Screamers at KSG – Harvard

genocide.html

Powerful documentary on genocide screened at Kennedy School
By Thomas Caywood
Special to the Harvard News Office

Those who loudly refused to let the world turn a blind eye or feign
helplessness as genocides ravaged millions of lives this century and last
are sometimes dubbed "screamers."

The Harvard community got an earful Monday evening (Feb. 5) from an
unlikely quartet of modern screamers – the chart-topping, earsplitting
heavy metal band System of a Down – during an advance screening of the new
documentary "Screamers" at the John F. Kennedy School of Government’s Starr
Auditorium.

The band members, like filmmaker Carla Garapedian, are the grandchildren of
survivors of the Ottoman Empire’s slaughter of more than a million
Armenians from 1915 to 1917.

Garapedian’s powerful film weaves together blaring concert footage of
System of a Down, screamers in both senses of the word, with horrifying
images of bloody or decomposing genocide victims sprawled grotesquely
across the ground in Iraqi Kurdistan, Turkey, Germany, Bosnia, Rwanda, and
the Darfur region of Sudan. The extraordinary juxtaposition of a raucous,
sweaty, heavy-metal concert with talking-head segments of activists and
scholars, including Samantha Power, Anna Lindh Professor of Practice of
Global Leadership and Public Policy at the Kennedy School, went over well
with the overflow crowd at the screening.
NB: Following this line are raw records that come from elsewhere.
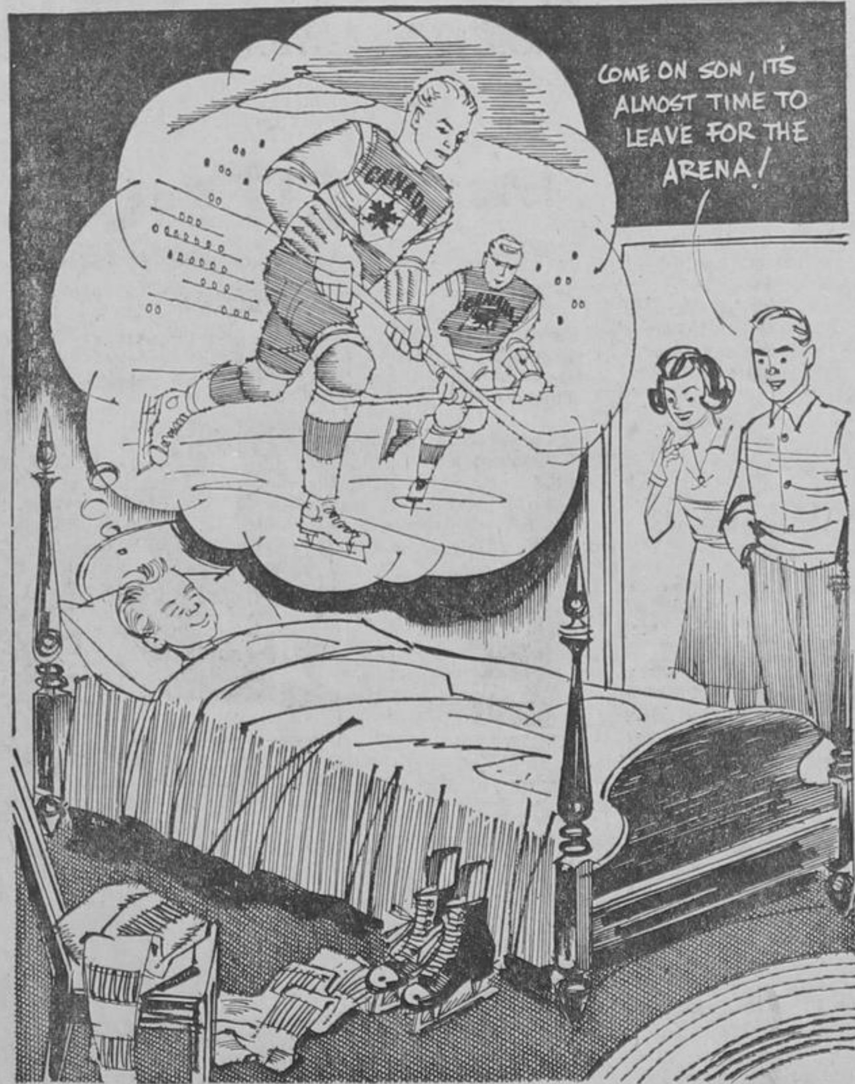
MINOR HOCKEY WEEK STARTS SATURDAY, JANUARY 22
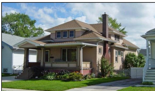
Preferred Residential Design Examples
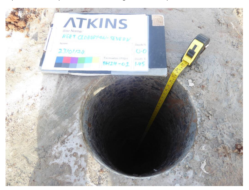
Photograph 11: Borehole drilled for substation lease handover

The final activity required before the National Grid / NRS lease can be surrendered was a ground contamination survey to prove the ground is free from any remaining hazards. This is now complete with all results coming back negative for any contamination. The area will now be handed over to the Waste Department who plan to use it a storage area for skips and containers.
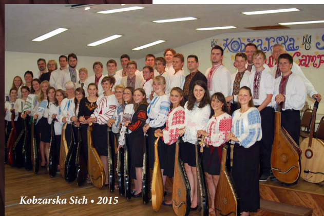
Kobzarska Sich • 2015

bandura players in today's UBC have graduated from Kobzarska Sich . Many more bandura players have gone on to form other ensembles. Kobzarska Sich offers multiple scholarship opportunities for aspiring bandura students, including a full scholarship available annually through the Ivan Zinchuk Memorial Scholarship Fund at the Ukrainian Canadian Foundation of Taras Shevchenko .
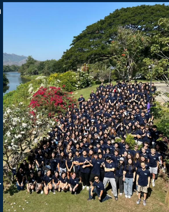
Our HS Eagles Camp in Kanchanaburi last week was amazing! What a beautiful group photo on the last day!

One teenage System of a Down fan said the film helped him grasp the meaning
and emotion behind the songs he loves. Meanwhile, a woman who described
herself as a senior citizen said during the discussion after the film that
she found the dark, angry hard rock a perfect complement to the film’s
unflinching examination of genocide.

"It may not be the sort of music you normally hear in the Kennedy School of
Government," Garapedian quipped, adding that the audience’s hearing likely
would be restored about a half-hour after the film ended.
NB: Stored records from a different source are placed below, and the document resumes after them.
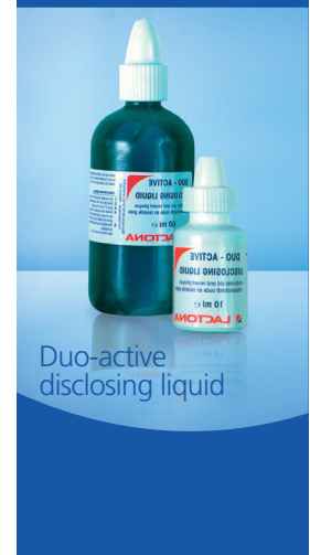
Duo-active disclosing liquid
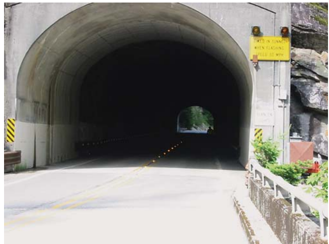
FIGURE 26 Tunnel IPM system application, between Newhalem and Diablo, Washington.

Some maintenance is required to clean the individual markers every three to six months as debris and dirt on the
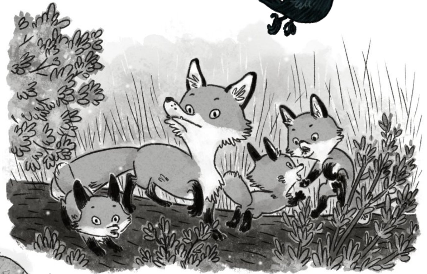
Ronja, the robber's daughter

Half-page illustration | Spot illustrations
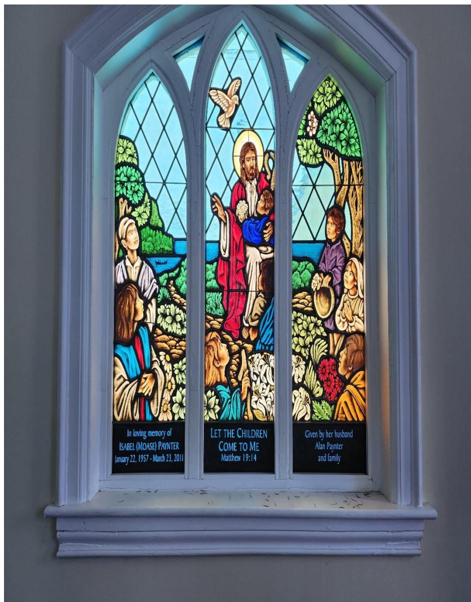
Installed in 2013 at St. Mark's Church
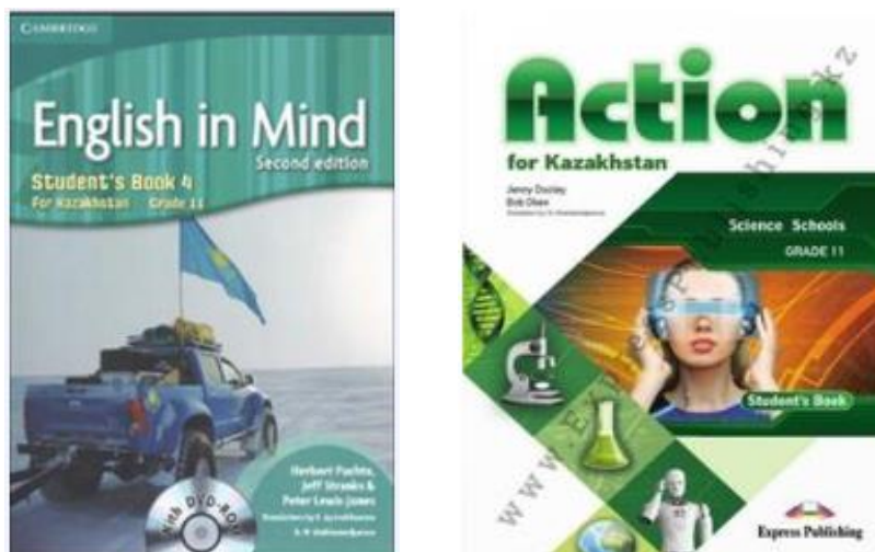
Figure 1. English Language Textbooks Used for Grade 11 in Kazakhstan

The study reveals the differential characteristics of the textbooks regarding content, pedagogical approach, and alignment with curriculum standards. It provides insights into how each manual supports the targeted learning outcomes and competencies within the context of Kazakhstan’s educational objectives (Table 2).

The three-year documentary project began in 2004 after Garapedian was asked
by the band along with other human rights activists and organizations to
set up information booths outside a Los Angeles concert.

"The fans came over and said they knew about the Armenian genocide. These
were 16- and 17-year-old kids from every ethnic group and every
socioeconomic group you can think of in Los Angeles. They weren’t
Armenians," Garapedian recalled. "They had been politicized by the band,
and that impressed me."

System of a Down’s success in bringing the largely forgotten story of the
Armenian slaughter to legions of pierced and black-clad young hard rock
fans around the globe came as Samantha Power’s Pulitzer Prize-winning book
"A Problem from Hell: America and the Age of Genocide" continued to garner
critical acclaim. The two events coupled with Turkey’s ongoing efforts to
join the European Union while stridently denying the Armenian genocide
convinced an editor at BBC Television to back the film, Garapedian said.
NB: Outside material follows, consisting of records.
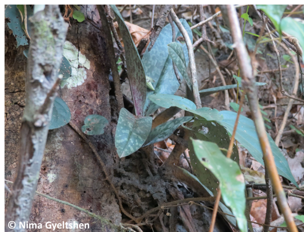
Image 2. Paphiopedilum venustum growing on humus rich leaf litter, Kaktong, Zhemgang.

The lowest altitudinal record of a P. fairrieanum habitat is near Aalay at about 600m and the highest known is in Mongar at 1,400m. Pearce & Cribb (2002), however, noted the altitude range of P. fairrieanum to be between 1,400m and 2,200m. This suggests that the search for P. fairrieanum in Bhutan should extend to
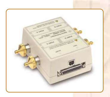
Four-port RF ECal with four 3.5 mm connectors

The Agilent E5091A multiport test set, combined with the four-port ENA series network analyzer, is a complete solution for multiport device measurements. The multiport test set is available in seven and nine-port configurations. The system is tailored for testing the antenna switch modules for mobile handsets, particularly those modules with balanced ports, although it can be used in a wide range of multiport measurement applications. The system is well suited for both manufacturing and R&D with exceptionally fast measurement speed and various features that facilitate test automation.
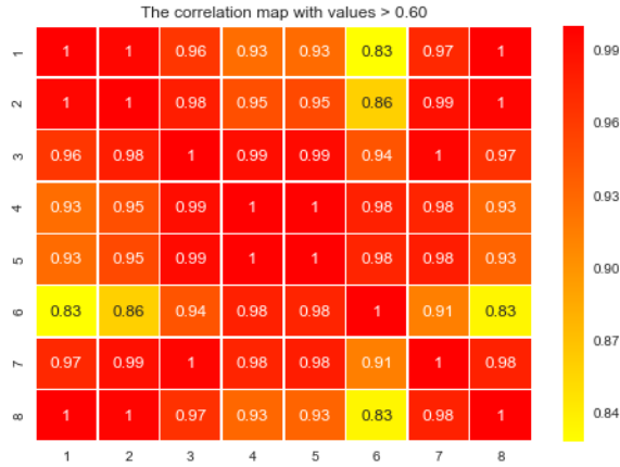
Fig. 4: The heat map with correlation coefficients between eight recording sessions for one of the experiment participants. It can be seen that majority of sessions highly correlate with each other and only session #6 is a bit outlier. Such high correlation values is a good sign that applied configuration of the visual stimuli is optimal to elicit robust SSVEP response which can be compressed to extract useful pattern (encoding).

In one scene, Power explains the origin of the term "screamer" as it
relates to genocide. "When you actually allow it all in. There’s no other
alternative but to go up to people and to scream, and to say, ‘The sky is
falling. The sky is falling. People are being systematically butchered, and
we can stop it.’ "

System of a Down frontman Serj Tankian, a wiry man with a mane of thick
black hair and a long chin beard, muses at one point during the film: "It’s
so crazy how men could be so cruel to men. It’s hard for the mind to
process."

During the discussion, Garapedian said that genocide continues, despite our
frequent pledges of "Never again," in part because people don’t feel a
connection to nameless victims on the other side of the world.

"Somehow our outrage is not there. There’s a lot of reasons for that, but
it’s not there. It’s missing," she said. "But the rage of the music allows
us to access it in some way. That was my hope with this film, that people
who see it in the movie theaters, especially young people, will feel they
can do something."

The audience erupted in an incredulous chuckle during the movie’s montage
of press conference footage in which U.S. government officials and
spokespeople sputter and stammer while carefully avoiding saying the word
"genocide" while discussing variously ongoing massacres in Bosnia, Rwanda,
and Darfur. Activist wags have dubbed the verbal gymnastics the "Genocide
Jig," Power said.

Among the members of the audience were Henry Morgenthau III, the grandson
of the U.S. Ambassador to Ottoman Turkey who tried unsuccessfully at the
time of the genocide to mobilize world opinion against it. The elderly
Morgenthau expressed hope after the screening that the film’s focus on a
multi-platinum-selling heavy metal band would help raise the profile of the
Armenian genocide for a new generation.

"The Armenian genocide has become forgotten as other genocides continue to
take place. We have to remember that we haven’t really given any meaning to
‘Never again,’" he said.

Omar Ishmael of the Darfur Peace and Development Organization later echoed
that sentiment.

"It’s about Armenia," Ishmael said, "but it tells the story of what is
happening today."

"Screamers" opens Feb. 9 at the Fresh Pond 10 cinema on Alewife Brook
Parkway and at the Showcase Cinema Worcester North 18 on Brooks St.